To convert the temperature from Celsius to Kelvin, use the formula: \(T(K) = T(^\circ C) + 273.15\) For this problem, we have: \(T(K) = 18.0^\circ C + 273.15 = 291.15 \ K\)

To find the mass of one molecule of each gas, we can use the molar mass and the Avogadro constant: \(m_1 = \dfrac{M_1}{N_A}\) Here, \(m_1\) is the mass of a single molecule, \(M_1\) is the molar mass, and \(N_A\) is the Avogadro constant (\(6.022 \times 10^{23}\ \text{mol}^{-1}\)). For nitrogen (N2) and hydrogen (H2) we have the following molar masses: - Nitrogen (N2): \(M_1 = 2 \times 14.01\ \text{g/mol} = 28.02\ \text{g/mol}\) - Hydrogen (H2): \(M_1 = 2 \times 1.01\ \text{g/mol} = 2.02\ \text{g/mol}\) Now, we can calculate the mass of a single molecule (in kilograms) for each gas: - Nitrogen: \(m_{N2} = \dfrac{28.02\ \text{g/mol}}{6.022 \times 10^{23}\ \text{mol}^{-1}} = 4.65 \times 10^{-26}\ \text{kg}\) - Hydrogen: \(m_{H2} = \dfrac{2.02\ \text{g/mol}}{6.022 \times 10^{23}\ \text{mol}^{-1}} = 3.36 \times 10^{-27}\ \text{kg}\)

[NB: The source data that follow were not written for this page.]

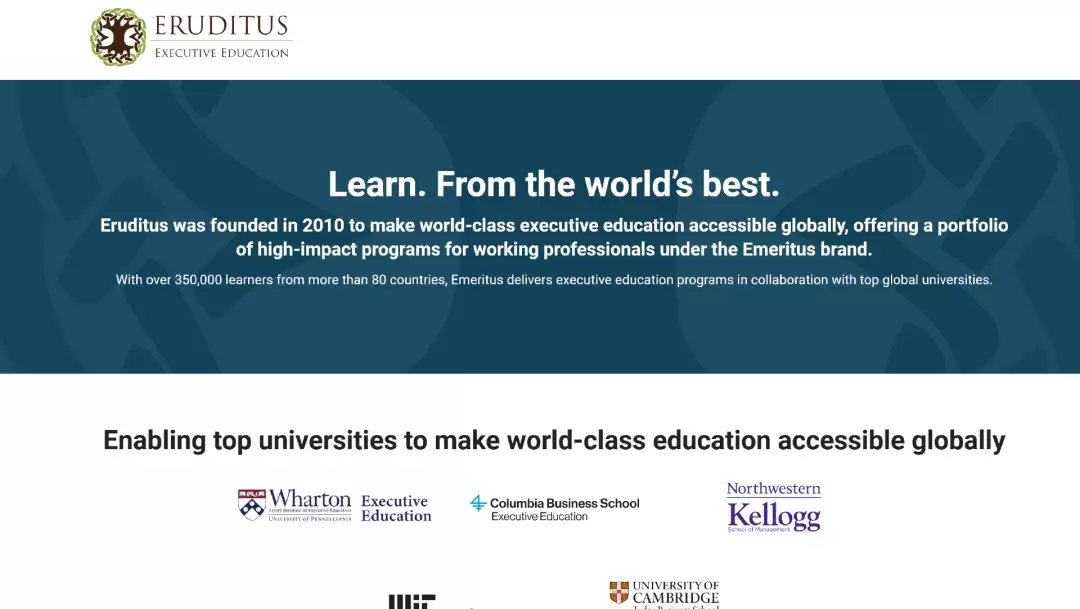 Eruditus 成立于 2010 年,长期专注高管教育,与麻省理工、哈佛、剑桥、欧洲工商管理学院、沃顿商学院等 80 多所全球知名高校合作,提供 700 多个项目,覆盖短训、学位和高管培训,学习者遍布 80 个国家,超过 100 万人。
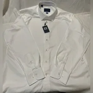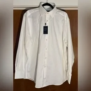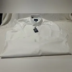 David Donahue White Dress Shirt. 34/35 Sleeves. 17.5 Neck. Trim Fit.
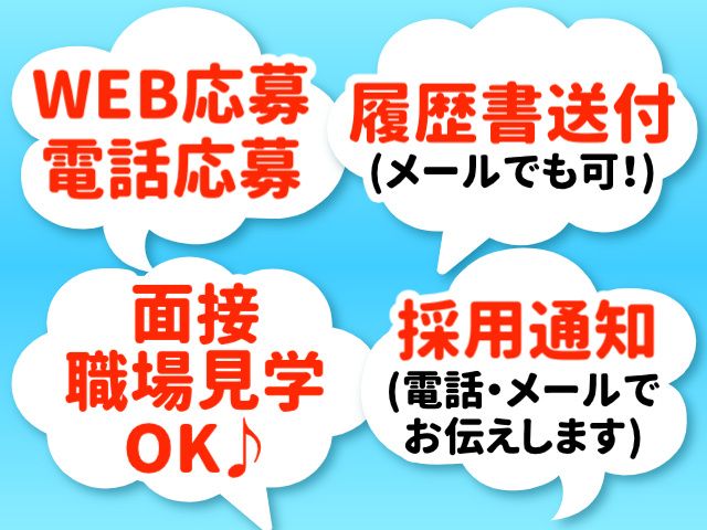 応募方法 興味をお持ちいただいた方は、 応募フォームよりお気軽にエントリーください。 【WEB応募/24時間受付】 エントリー確認後、追ってご連絡いたします。 お電話でのお問い合わせも可能です。 ※可能な限り早めのご連絡を心掛けておりますが、 ご連絡に2・3日程お時間をいただく場合があります。 ※エントリーいただいた全ての方にご連絡いたしますので、 ご連絡があるまでお待ちいただけると幸いに存じます。 【ご応募後について】 応募完了後、応募時に入力していただいたメールアドレス・電話番号(SMS)宛に、 応募企業とのメッセージのやり取りを開始するために通知をする可能性がございます。
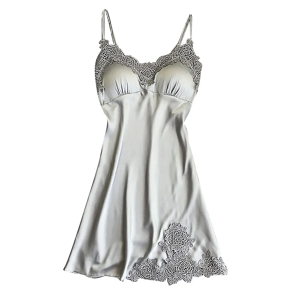 Женская пижама, сексуальное нижнее белье, Шелковый Атласный халат и рубашка, Женская кружевная ночная сорочка с V-образным вырезом, пикантный домашний костюм, халат, горячая новинка
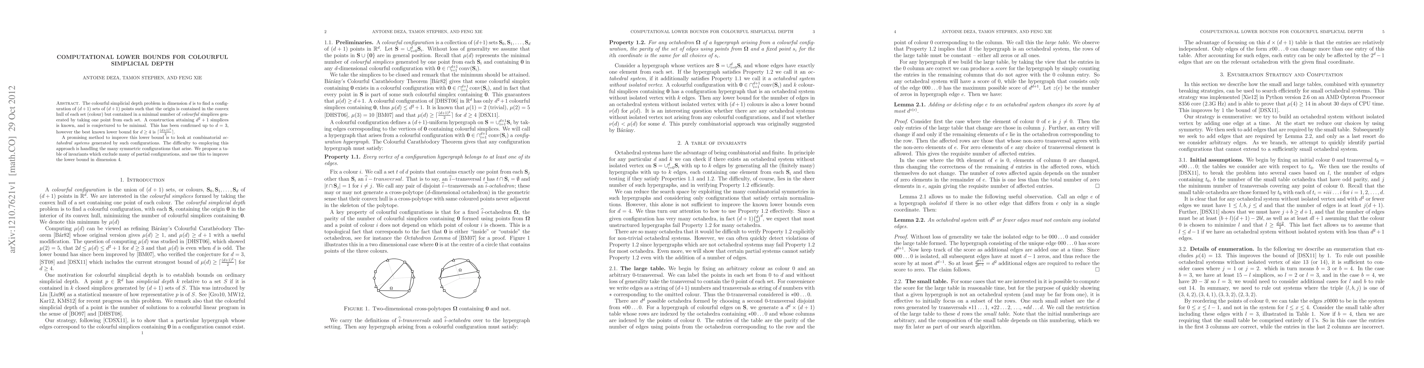Researchers improved a lower bound for the colourful simplicial depth problem in dimension 4 by using a table of invariants to exclude symmetric configurations, bringing it closer to the conjectured minimal construction.
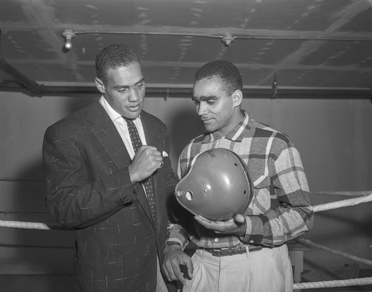 Among the famous individuals found in the PAA’s holdings is John Dee (Johnny) Bright. Born in Indiana in 1930, he attended Drake University on a track and field scholarship, which led to a remarkable collegiate football career marked by several National Collegiate Athletic Association (NCAA) records as well as a national profile. His senior year in 1951 was also notable when he was the target of a racially motivated assault on the playing field during a game with Oklahoma A&M University (now Oklahoma State University), an incident documented in a Pulitzer Prize winning series of photographs. While some on-field rules changed because of the incident, the opposing team and its university administration denied any wrongdoing for decades and only apologized for the incident in 2005.
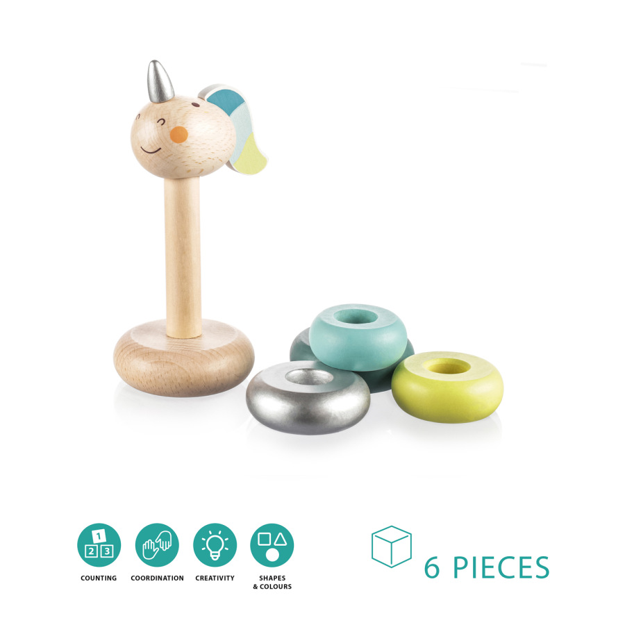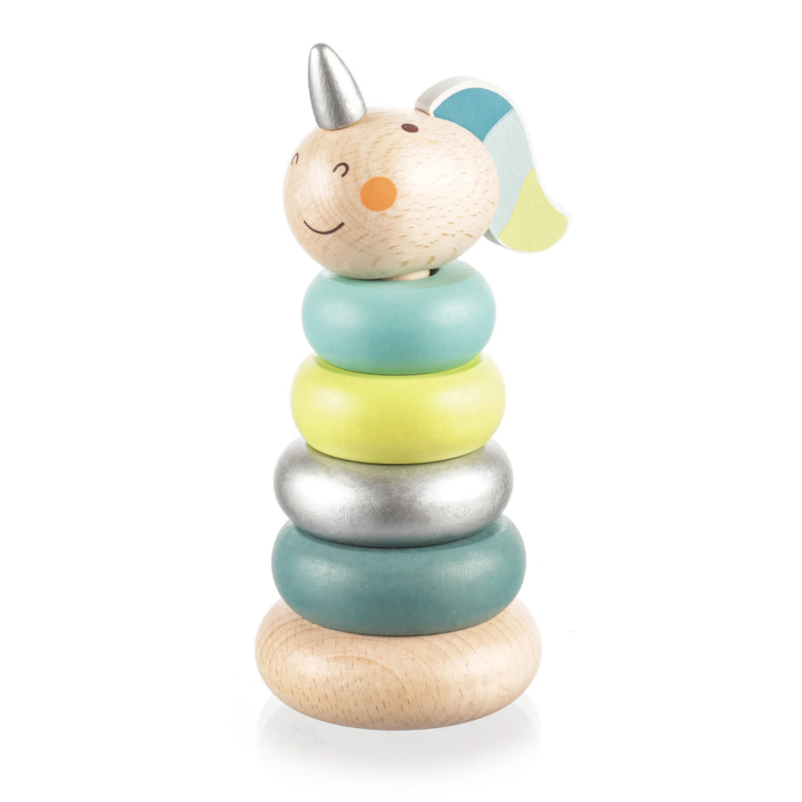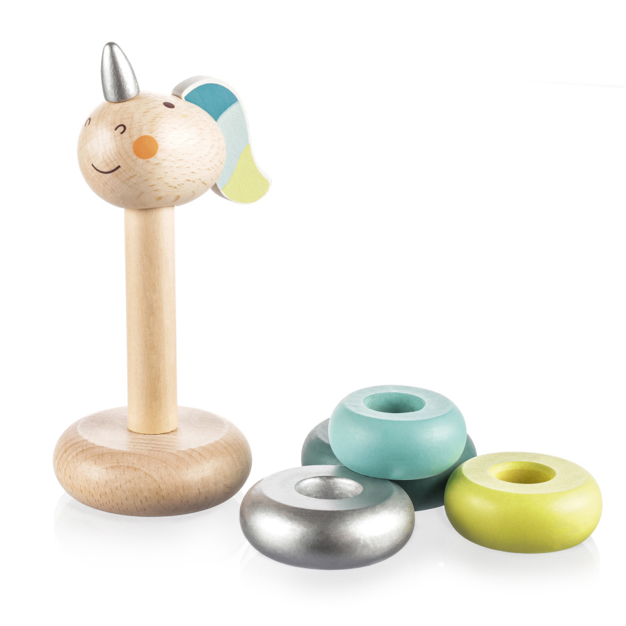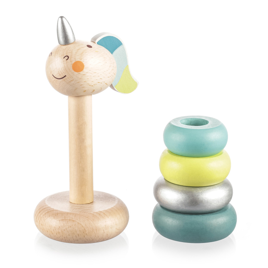Drevené jednorožcové krúžky pre deti od 16 mesiacov.
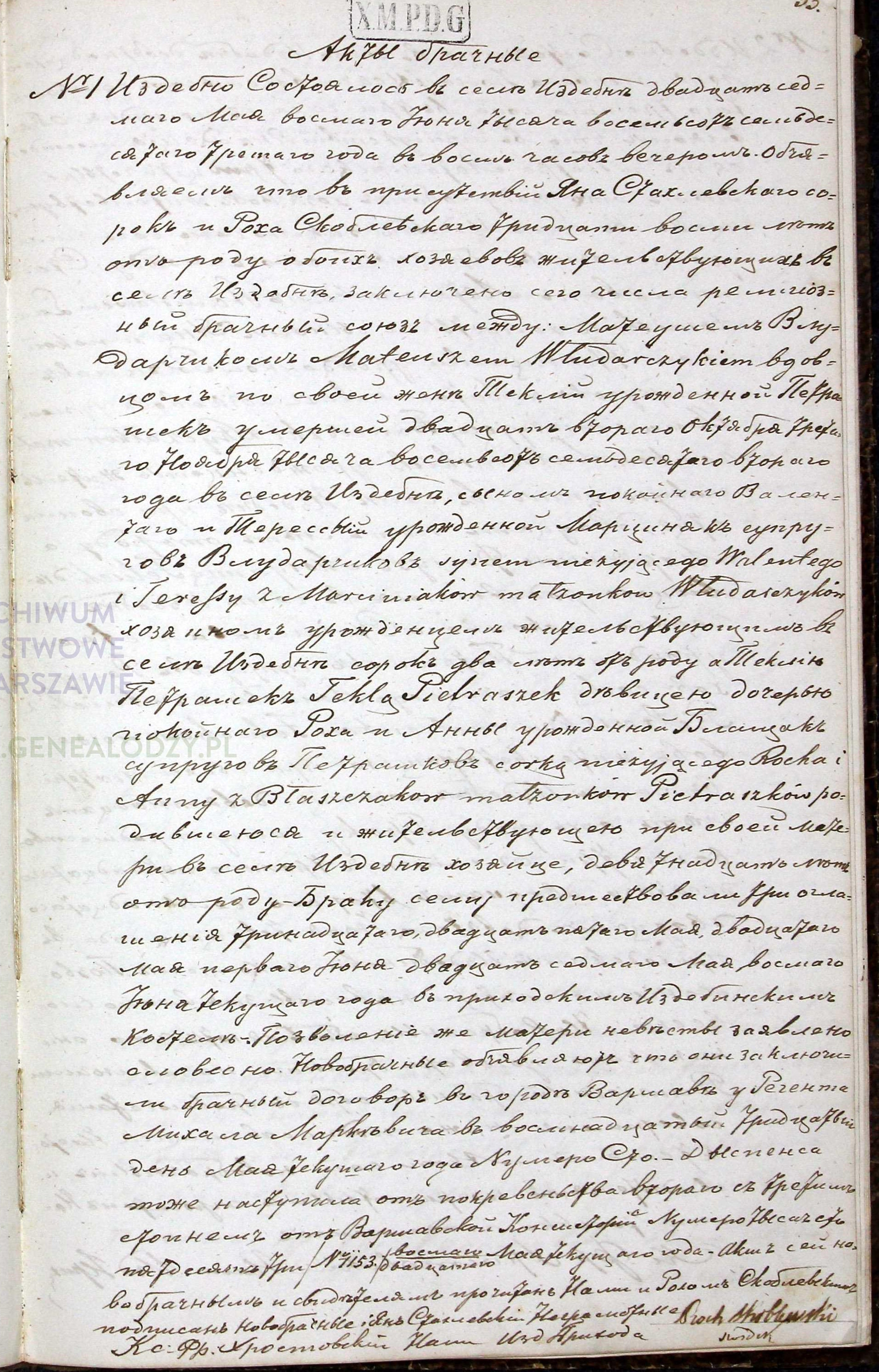 | sw.293294 | sw.251911 (sw.251911) | sw.251912 (sw.251912) | Akt małżeństwa: Izdebno Kościelne (obecn. woj. mazow.), 2/1852 [indeks na http://geneteka.genealodzy.pl/] http://metryki.genealodzy.pl/metryki.php?op=kt&ar=2&zs=0069d&sy=1852&kt=2 [podgląd] |

Now, we can use the formula for the average speed of a gas molecule and substitute the values we have: \(u_{avg} = \sqrt{\dfrac{8kT}{\pi m}}\) For nitrogen (N2) and hydrogen (H2) we get: - Nitrogen: \(u_{avg_{N2}} = \sqrt{\dfrac{8 \times 1.38 \times 10^{-23}\ \text{J/K} \times 291.15\ \text{K}}{\pi \times 4.65 \times 10^{-26}\ \text{kg}}} = 515.4\ \text{m/s}\) - Hydrogen: \(u_{avg_{H2}} = \sqrt{\dfrac{8 \times 1.38 \times 10^{-23}\ \text{J/K} \times 291.15\ \text{K}}{\pi \times 3.36 \times 10^{-27}\ \text{kg}}} = 1827.1\ \text{m/s}\)

The average speed of a nitrogen molecule in the atmosphere, at a temperature of \(18.0^{\circ} \mathrm{C}\) and a (partial) pressure of \(78.8\ \mathrm{kPa}\) is approximately \(515.4\ \text{m/s}\). The average speed of a hydrogen molecule at the same temperature and pressure is approximately \(1827.1\ \text{m/s}\).